Overview

Study to Evaluate Safety and Efficacy of Cenegermin (Oxervate®) 20 mcg/mL vs Vehicle, in Patients With Sjogren's Dry Eye

Status:
Not yet recruiting
Trial end date:
2023-01-01
Target enrollment:
0
Participant gender:
All
Summary
The study objective is to assess the efficacy and safety of cenegermin (rhNGF) ophthalmic solution at 20 mcg/mL concentration administered three times daily for 4 weeks in patients with severe Sjogren's dry eye disease (DED) who are under chronic treatment with topical Cyclosporine A (CsA).
Phase:
Phase 3
Accepts Healthy Volunteers?
No
Details
Lead Sponsor:
Dompé Farmaceutici S.p.A
Criteria
Inclusion Criteria:

1. Male or female aged ≥ 18 years

2. Patients with a confirmed diagnosis of Sjogren syndrome or other autoimmune disease
known to induce Sjogren's DED.

3. Patients with severe Sjogren's DED characterized by the following clinical features:

1. Corneal and/or conjunctival staining with fluorescein using National Eye
Institute (NEI) grading system ≥3

2. Symptom assessment in dry eye (SANDE) questionnaire global score >25 mm

3. Schirmer test I (without anaesthesia) between 2 and 5mm/5min, inclusive

4. The same eye (eligible eye) must fulfill all the above criteria

5. Diagnosis of severe Sjogren's DED at least 3 months before enrolment (current use or
recommended use of artificial tears for the treatment of Sjogren's related dry eye)

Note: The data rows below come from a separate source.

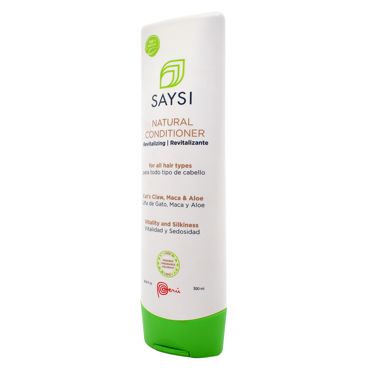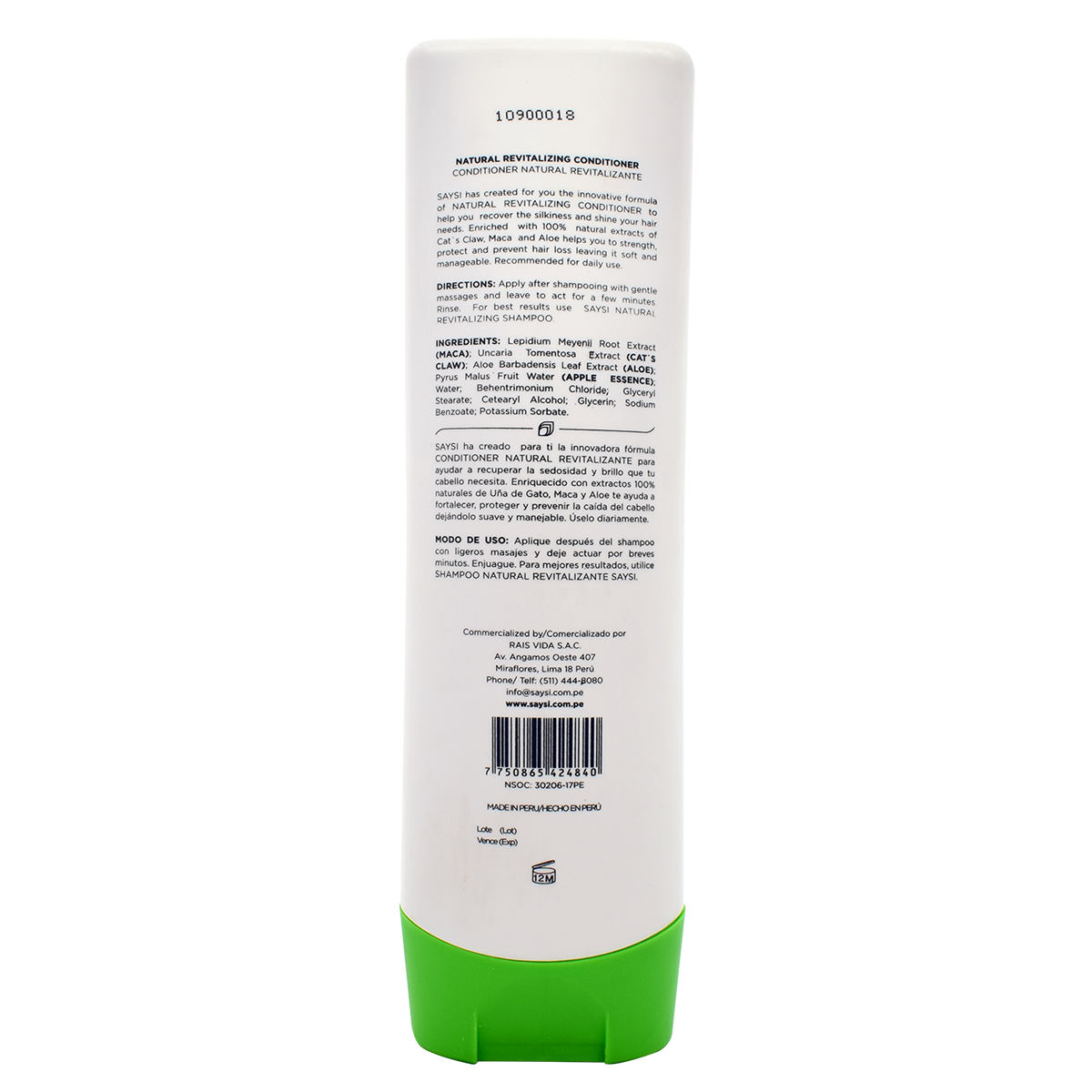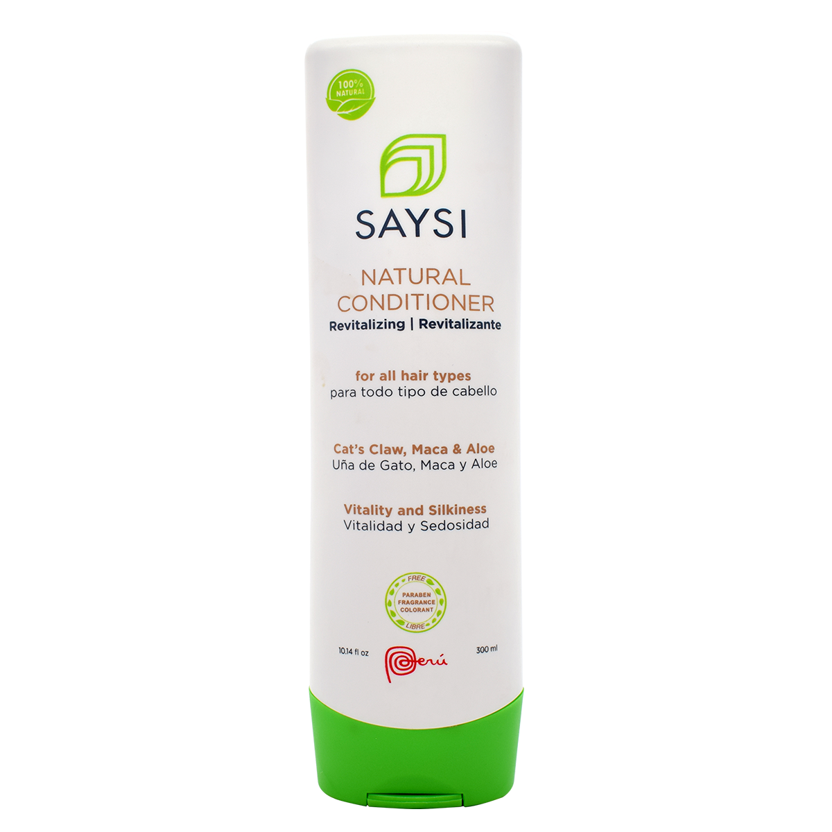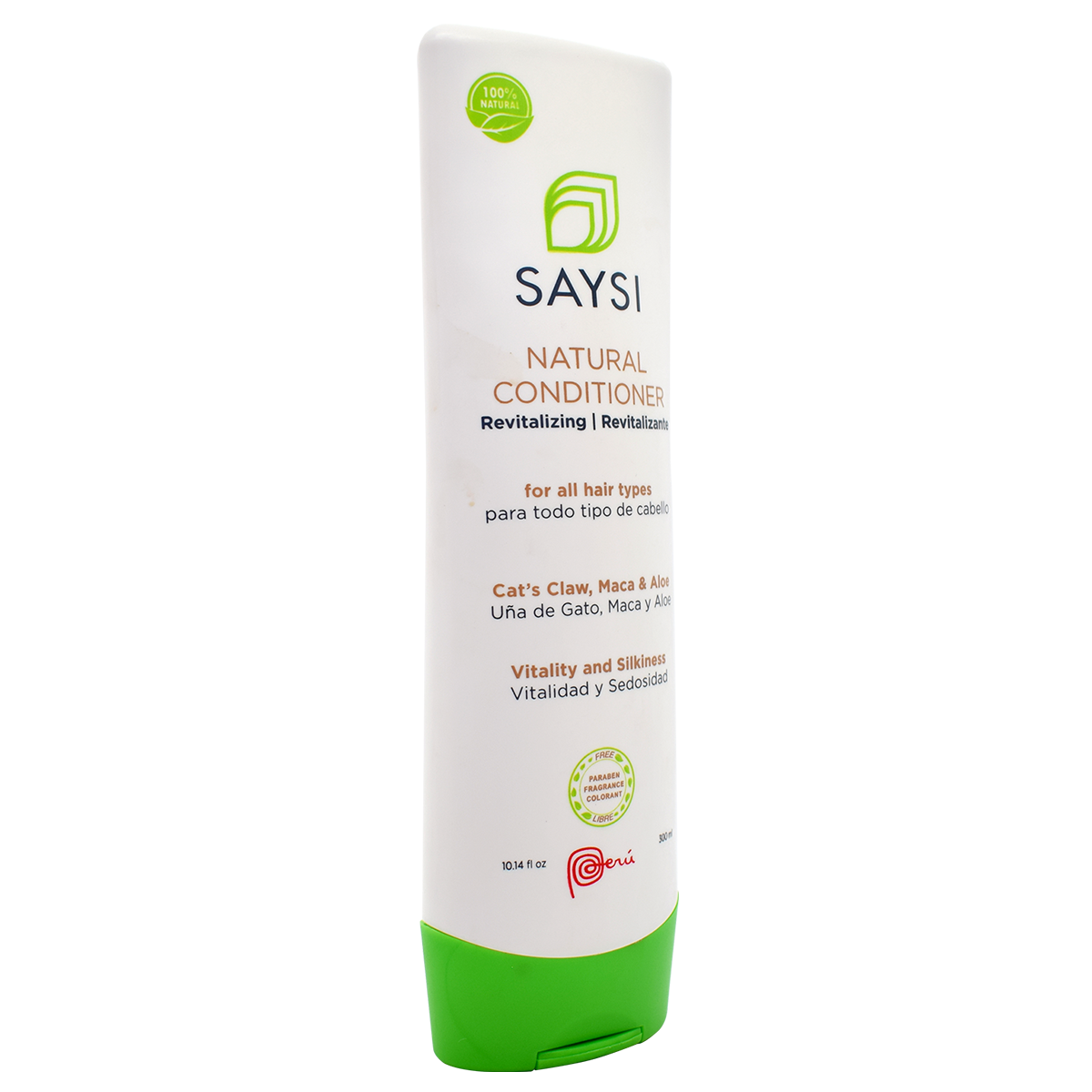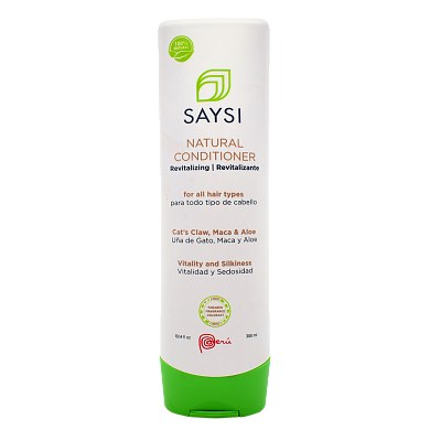 DESCRIPTION Right out of the Peruvian Jungle, cat's claw is a curative plant known to be Amazon's miracle of herbal medicine. It's said that this herb fights off illnesses that attack our immunologic system. Likewise, aloe vera is a plant that many people in Peru use for the medicinal and healing properties that are attributed to it. The usage of this plant backs to human origins. Additionally, maca is considered an ancestral superfood utilized since pre-Incan times for its protein content. Saysi has created for you the innovative formula Natural Revitalizing Conditioner to help you recover the silkiness and shine your hair needs. Enriched with 100% natural extracts of cat’s claw, maca, and aloe, this conditioner helps to strengthen, protect, and prevent hair loss leaving it soft and manageable. COMPOSITION Lepidium meyenii root extract (maca), uncaria tomentosa extract willd D.C. (cat’s claw), aloe barbadensis leaf extract (aloe), pyrus malus fruit water (apple essence), water, behentrimonium chloride, stearic acid, cetearyl alcohol, glycerin, sodium benzoate, and potassium sorbate RECOMMENDATION AND SUGGESTED USAGE: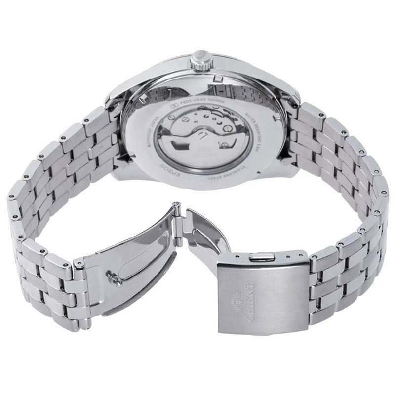 Корпус: Корпус этих часов выполнен из нержавеющей стали. Минеральное стекло. Синий циферблат. Прозрачная задняя крышка. Водоустойчивость: 100 метров. Диаметр 44 мм.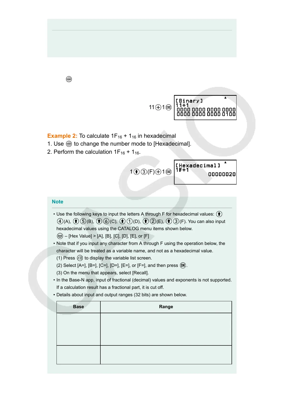 • In the Base-N app, input of fractional (decimal) values and exponents is not supported.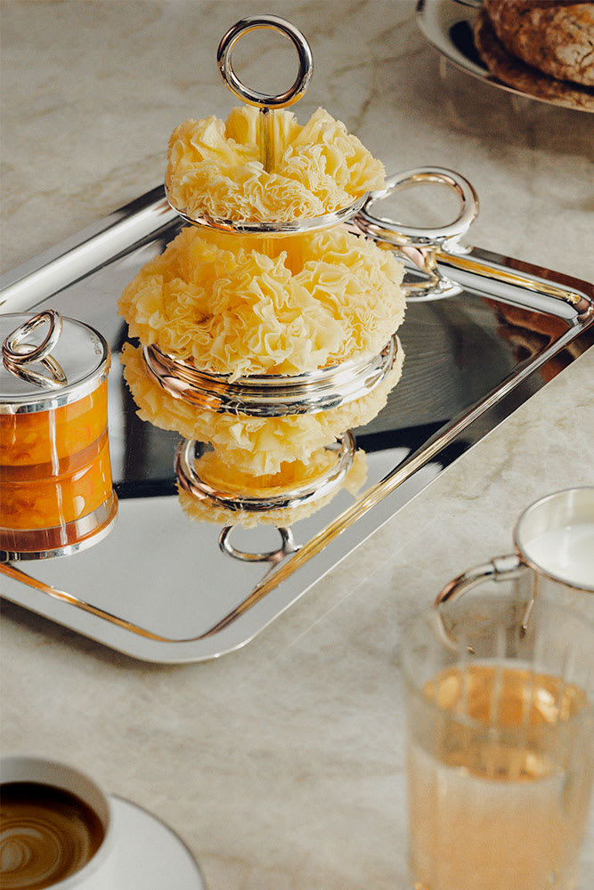Present your sweet and salty delicacies on silver-plated trays and pastry stands and serve them with refined serving flatware.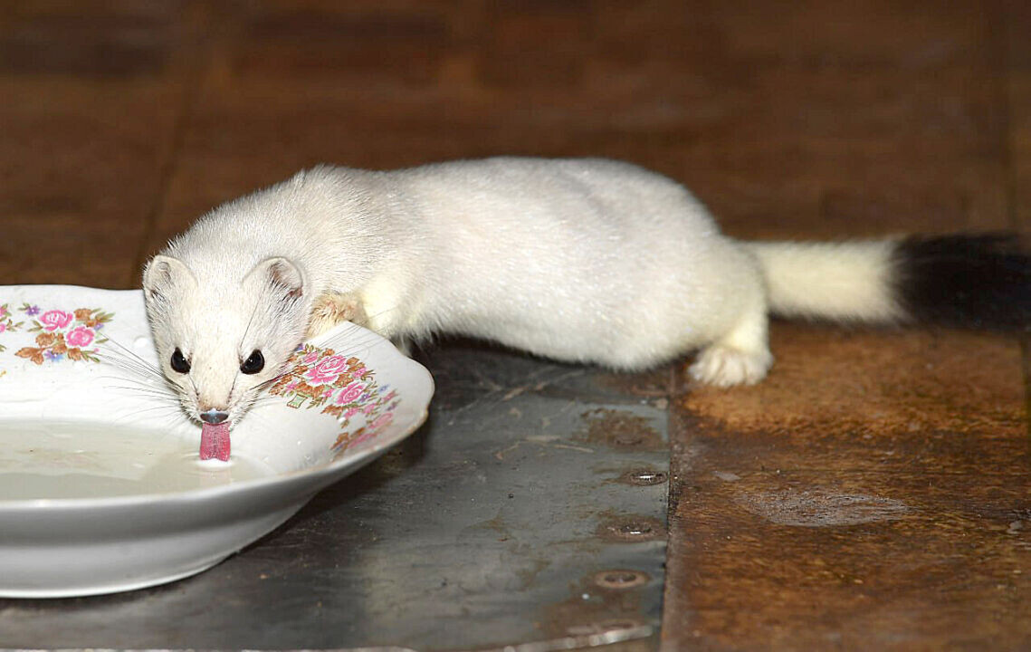 В селе Хатыми в местном магазине «Фортуна» появился необычный «сотрудник» — белый горностай, который за короткое время избавил помещение от мышей. Об этом сообщает газета «Индустрия Севера». Как рассказал фотокорреспондент газеты Юрий Коковин, зверёк свободно заходил в магазин и чувствовал себя «настоящим хозяином». По словам продавца Гули Дорофеевой, горностай появился недавно, вел себя спокойно и не портил продукты. За неделю он уничтожил всех мышей в магазине. Каждое утро женщина оставляла ему молоко: зверёк «полакает, как кошка, и довольный убегает». Очевидцу удалось понаблюдать за животным и сделать редкие кадры. Горностай несколько раз возвращался к блюдцу с молоком, что позволило запечатлеть его. «Все мои встречи на таежной тропе с горностаем были короткими, не больше минуты. Здесь же представилась возможность наблюдать за зверьком в необычной обстановке», — поделился Юрий Коковин. Позже Гуля Дорофеева сообщила, что таёжный гость стал появляться реже: «Навещает по утрам, но очен

6. Best corrected distance visual acuity (BCDVA) score of ≥ 0 .1 decimal units ( 20/200
Snellen value) in each eye at the time of study enrolment

7. If a female with childbearing potential, have a negative pregnancy test

8. Patients who have given written informed consent before any study-related procedures
not part of standard medical care are performed.

9. Patients must have the ability and willingness to comply with study procedures.

10. Patients under treatment with topical cyclosporine (CsA), or topical ophthalmic
treatments of the same class for at least 30 days before screening visit (day -8).

Exclusion Criteria:

1. Inability to speak and understand the local language sufficiently to understand the
nature of the study, to provide written informed consent, and to allow the completion
of all study assessments

2. Evidence of an active ocular infection, in either eye

3. Presence of any other ocular disorder or condition requiring topical medication during
the entire duration of study in either eye

4. History of severe systemic allergy or of ocular allergy (including seasonal
conjunctivitis) or chronic conjunctivitis and/or keratitis other than due to dry eye
(DE)

5. Intraocular inflammation defined as Tyndall score >0

6. History of malignancy in the last 5 years

7. Systemic disease not stabilized within 1 month before Screening Visit (e.g. diabetes
with glycemia out of range, thyroid malfunction) or judged by the investigator to be
incompatible with the study (e.g. current systemic infections) or with a condition
incompatible with the frequent assessment required by the study

8. Patient with a history of serious adverse reaction or significant hypersensitivity to
any drug or chemically related compounds or clinically significant allergy to foods,
amide local anesthetics or other materials including commercial artificial tears (in
the opinion of the investigator)

9. Females of childbearing potential (those who are not surgically sterilized or
postmenopausal for at least 1 year) are excluded from participation in the study if
they meet any one of the following conditions:

1. are currently pregnant or,

2. have a positive result at the urine pregnancy test (Baseline/Day 1) or,

3. intend to become pregnant during the study treatment period or,

4. are breast-feeding or,

5. are not willing to use highly effective birth control measures, during the entire
course of and 30 days after the study treatment period

10. Any concurrent medical condition, that in the judgment of the PI, might interfere with
the conduct of the study, confound the interpretation of the study results, or
endanger the patient's well-being

11. Use of topical corticosteroids, lifitegrast, autologous serum tears in either eye
during the study (previous use not an exclusion criteria but must be discontinued at
the screening visit)

12. Contact lenses, true tear device, moisture googles, sutureless amniotic membrane or
punctum plug use during the study (previous use not an exclusion criteria but must be
discontinued at the screening visit)

13. History of drug addiction or alcohol abuse within the last year

14. Any prior ocular surgery (including refractive, palpebral and cataract surgery) if
within 90 days before the screening visit

15. Participation in a clinical trial with a new active substance during the past 3 months
prior of screening

16. Participation in another clinical trial study at the same time as the present study.